Première réaction: vertige.

L’impression que j’ai affaire à un show à saveur féministe me rebute. J’y vois des poings crispés brandis à la face du ciel, des visages tordus par les appels à l’injustice, des doléances emballées de frustration au parfum de soutiens-gorges flambés, et ça me tente zéro d’aller là. Je ne m’affiche pas comme féministe. Je n’ai pas soif d’être actrice de ce mouvement qui, à mon avis, n’est pas lumineux. Je ne saisis pas alors la portée des suprêmes inégalités liées à cet enjeu de taille, je le méconnais, n’y adhère pas.

L’envie de me défiler est là, mais quelque chose me retient. Je demande une rencontre avec le metteur en scène, une première en 15 ans de métier. Parce que, dans ma tête, ça prend du culot pour lever le nez sur une offre de rôle dans un milieu où les filles attendent en file l’une derrière l’autre, espérant que la précédente se casse les deux jambes pour prendre sa place. Cela dit sans méchanceté, c’est une manière de voir. Le «beaucoup d’appelées, peu d’élues» n’est pas un mythe.

Dans ma vie, mon instinct ne m’a jamais trompée. Je l’écoute donc une fois de plus et me rends à cette rencontre, fébrile. J’en ressortirai comprise et accompagnée. On a entendu mes doutes. L’homme devant moi n’avait pas toutes les réponses, mais me tendait la main pour qu’on les cherche ensemble.

Et j’ai accepté de plonger au cœur de cette parole et de cette aventure qui a changé ma vie.

Ce rôle était celui de «la fille qui agresse» dans la pièce J’accuse, d’Annick Lefebvre, qui demeure une des plus belles expériences humaines et créatives de ma vie de comédienne. De femme aussi. Avec le recul, je n’ose pas imaginer que j’aurais pu laisser filer cette opportunité.

J’y ai bâti des amitiés précieuses avec des femmes que j’admire hautement. Qui ont chacune leurs particularités, leurs couleurs, leurs vulnérabilités, avouées ou non. La force de toutes ces femmes unies m’a permis de puiser en moi la mienne. De me nourrir d’elles et de leur souffler dans le dos quand elles en avaient besoin.

J’ai depuis cheminé dans ma conception du fait d’être femme.

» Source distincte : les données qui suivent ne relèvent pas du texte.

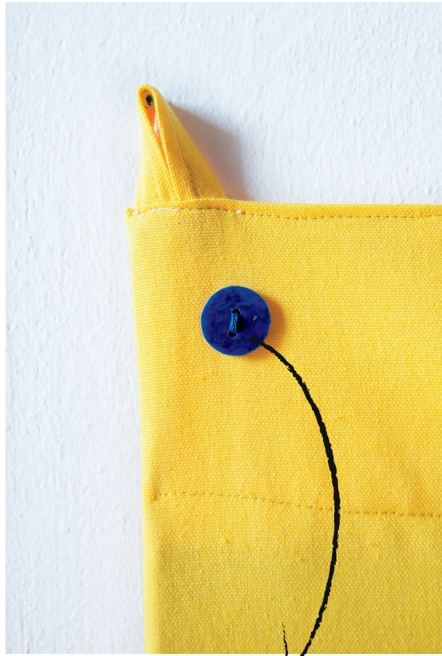
bottoni blu, plastica riciclata 05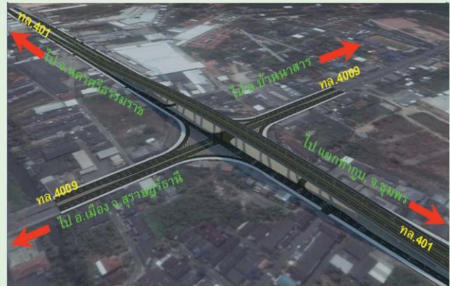
ภาพจำลองสะพานข้ามทางแยกบางใหญ่ บนทางหลวงหมายเลข 401 ที่กำลังจะก่อสร้าง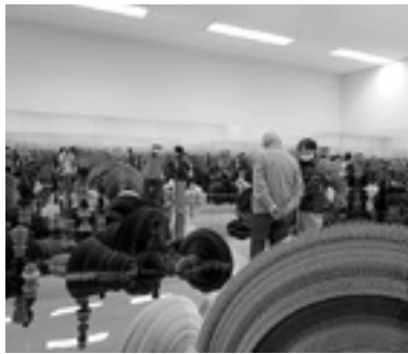
10月 北アルプス国際芸術祭にて

成させた無添加の三年味噌をつくっています。麴のいい香りがする蔵の中に、大人の背丈の倍ほどある杉桶がいくつも並んでいます。見学では、味噌の違い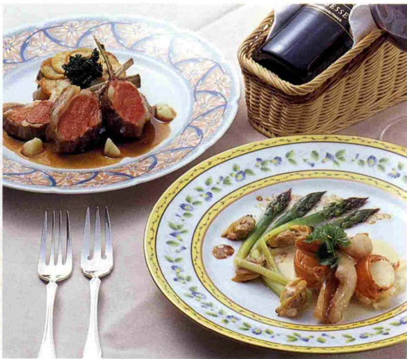
仔羊のロースト 海の幸のバルサミコソース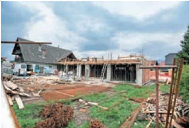
Ob Blagneči hiši nastaja medgeneracijski center.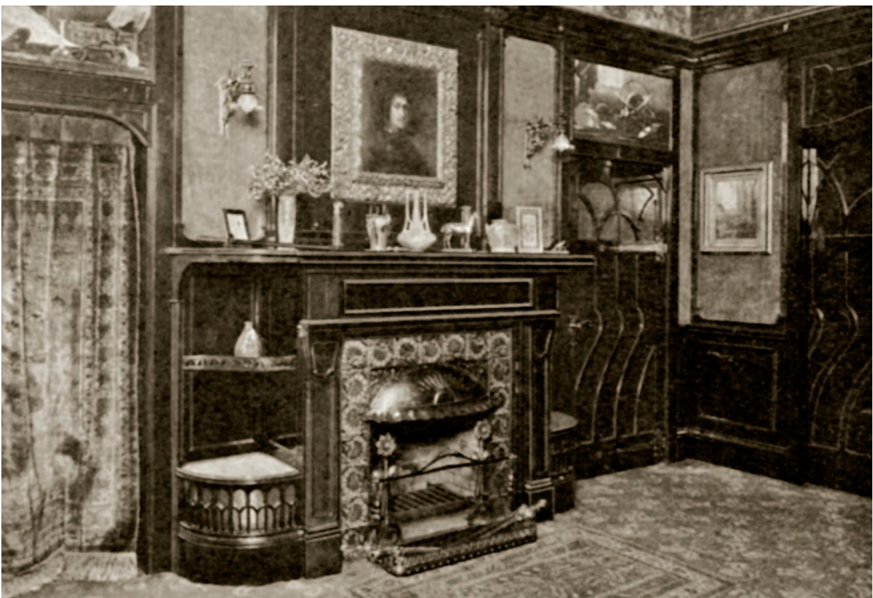
Pohled do interiérů Záměčku v roce 1900. Na horním snímku je ginzkeyovská jídelna a na dolním pak pánský pokoj. Těžký nábytek, drahé obrazy a starožitnosti – to vše mělo spoluvytvářet náladu prostor hodných velkoburžoazie. Zde patrně Alfred se členy své rodiny a možná i obchodními partnery domlouval další rozvoj po otci zděděného kobercového impéria.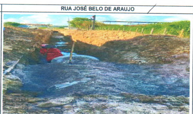
RUA JOSÉ BELO DE ARAUJO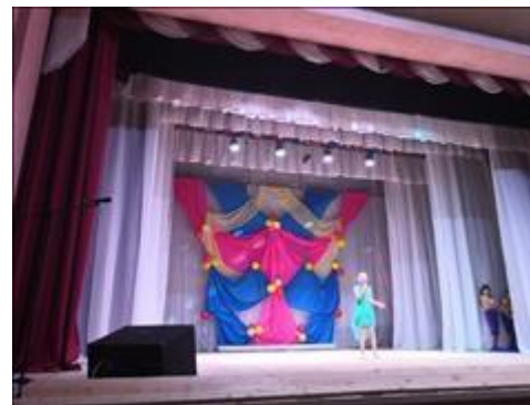
Концерт Ярослава Алексеева «Я грею счастье».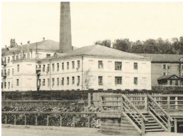
Рисунок 3. Фабрика Котовых. Фото начала XX века.

Уже были переобустроены фабричные корпуса (рис. 3), открыто общежитие для персонала, проведены вентиляция, водопровод и даже центральное отопление, что позволило Н. Н. Баженову с гордостью писать, что теперь «Преображенская больница располагает таким помещением для прислуги, которым могут похвастаться редкие русские, да и далеко не все западноевропейские больничные учреждения» [10].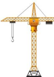
Физический объем работ (по сравнению с 1 кварталом 2023 года)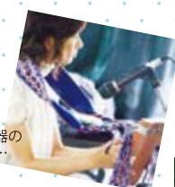
アフリカ民族楽器の 演奏にうっとり…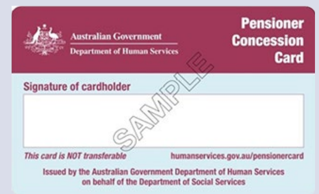
Pensioner Concession card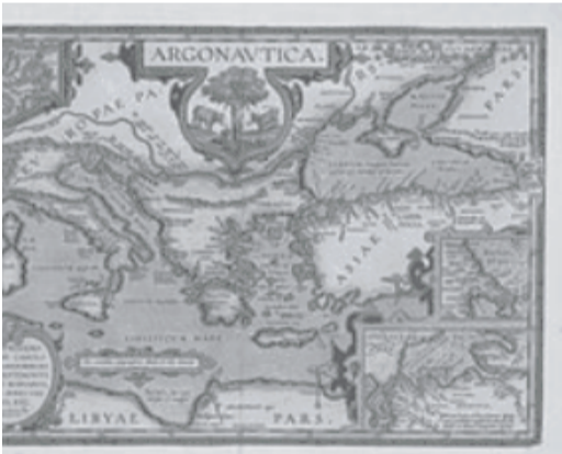
არგონავტების მოგზაურობის რუკა (აბრაჰამ ორტილიუსი 1624 წ.)

ოქრომენოსის მეფის ათამანტის ძესა და ასულს-ფრიქსუსსა და პელეს-დედინაცვლის ვერაგობისაგან დასახსნულად დედამ, ქალღმერთ-

En quoi c’est une force à célébrer, à respecter. En quoi la notion de solidarité devrait plus que jamais être mise de l’avant. En quoi les inégalités sont criantes et source de souffrances.

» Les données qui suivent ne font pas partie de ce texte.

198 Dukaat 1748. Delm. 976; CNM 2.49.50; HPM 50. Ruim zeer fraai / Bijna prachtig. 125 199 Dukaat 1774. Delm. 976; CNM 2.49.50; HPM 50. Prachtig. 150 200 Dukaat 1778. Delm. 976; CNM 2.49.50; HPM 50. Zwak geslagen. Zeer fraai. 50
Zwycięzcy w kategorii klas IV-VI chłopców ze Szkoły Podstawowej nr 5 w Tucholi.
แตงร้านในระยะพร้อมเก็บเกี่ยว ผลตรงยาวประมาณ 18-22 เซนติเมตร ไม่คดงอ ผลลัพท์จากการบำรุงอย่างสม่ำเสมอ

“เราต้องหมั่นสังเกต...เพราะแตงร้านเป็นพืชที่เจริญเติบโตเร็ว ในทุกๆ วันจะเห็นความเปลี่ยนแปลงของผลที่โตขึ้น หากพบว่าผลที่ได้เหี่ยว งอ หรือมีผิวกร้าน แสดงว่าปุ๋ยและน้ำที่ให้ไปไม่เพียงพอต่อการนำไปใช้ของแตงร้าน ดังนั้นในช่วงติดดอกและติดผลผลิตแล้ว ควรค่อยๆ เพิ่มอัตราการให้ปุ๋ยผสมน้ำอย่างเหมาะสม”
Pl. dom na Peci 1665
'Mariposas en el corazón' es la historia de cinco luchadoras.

Ce geste en apparence banal de solliciter un rendez-vous pour exprimer mes doutes était à l’époque, pour moi, immense. Ça voulait dire me rendre vulnérable aux yeux de l’autre, avouer ma peur.

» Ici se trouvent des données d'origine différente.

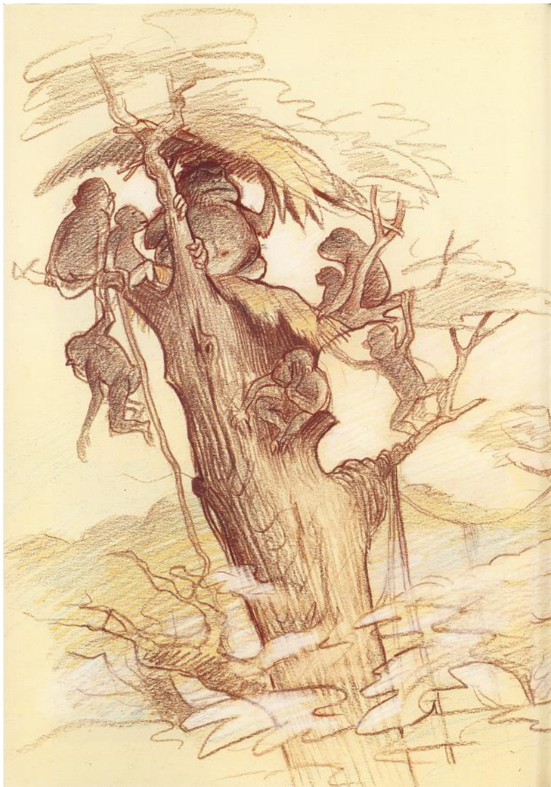
Figure 9. Arborée. Jean-François Laguionie ( Salachas , 1992)

Le jeune Kom, vivant sur la canopée, désobéit et tombe inconscient sur des fougères, plantes salvatrices. (Laguionie, 1999)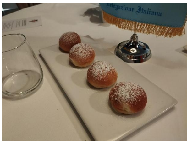
Il dessert di dolci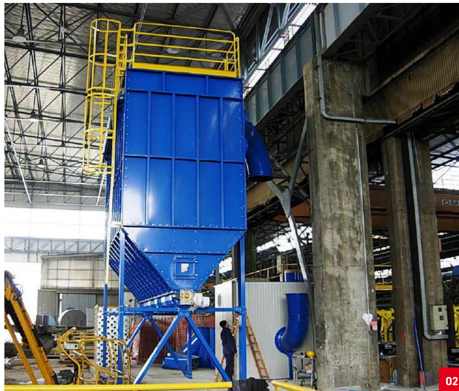
02. Filtro di abbattimento polveri di troncatura metalli. Filter for steel cutting dusts. Фильтр для улавливания пыли, образующейся при обрубке металлов.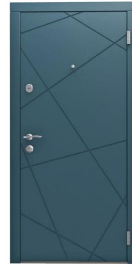
Модель - 01467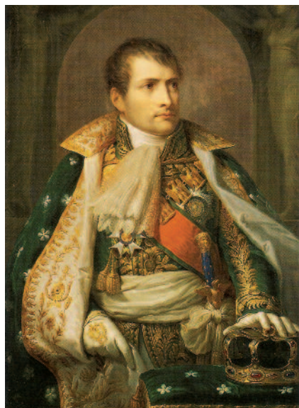
Napoleón I como rey de Italia por Andrea Appiani. La conquista de la Península Itálica a finales del siglo XVIII fue la campaña que inició el brillante curriculum militar del general Bonaparte, el cual llegaría a proclamarse monarca de una Italia unida.

Napoleón siguió el esquema de los generales revolucionarios a la hora de aprovechar el patriotismo y el número de los soldados. En esto no aportó ninguna novedad. Sí que lo hizo al aumentar la movilidad de sus formaciones en el campo de batalla. Bonaparte distribuía sus tropas, alejadas a veces unas de otras, en forma de red, de modo que en el momento oportuno todas podían concentrarse en un punto concreto, por lo general el flanco más débil del enemigo, para lanzarse en tromba. Primero abrían el fuego los fusileros, pero por líneas –como antes– sino a discreción, lo que desordenaba las formaciones enemigas. Luego, la artillería –dispersa también por el campo de batalla– se concentraba rápidamente en el mismo punto gracias a un sistema de vehículos y masacraba las líneas enemigas. Napoleón llegó a concentrar en un mismo lugar el fuego en masa de 200 cañones. Justo después lanzaba la caballería pesada, que rompía las líneas rivales y abría paso a los infantes. Y éstos llegaban en oleadas, no en línea, sino en columnas de cuarenta hombres. El enemi-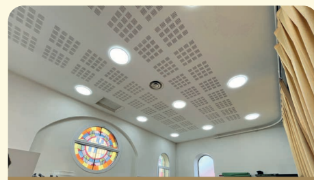
Remplacement de l'éclairage au Centre Sportif et Culturel « La Synagogue » - 1 er étage

Aujourd’hui, je sais que c’était la bonne chose à faire.

Depuis, j’avance sur la route chaotique de mon état féminin; de tout ce qu’il veut dire de force, d’instinct, de puissance créatrice, d’unicité et de sensibilité.

J’ai gagné en confiance, mais je doute encore souvent et, quand ça arrive, je prends rendez-vous avec moi-même, pis on jase. D’affaires de filles, d’affaires de femmes. D’affaires d’humaines.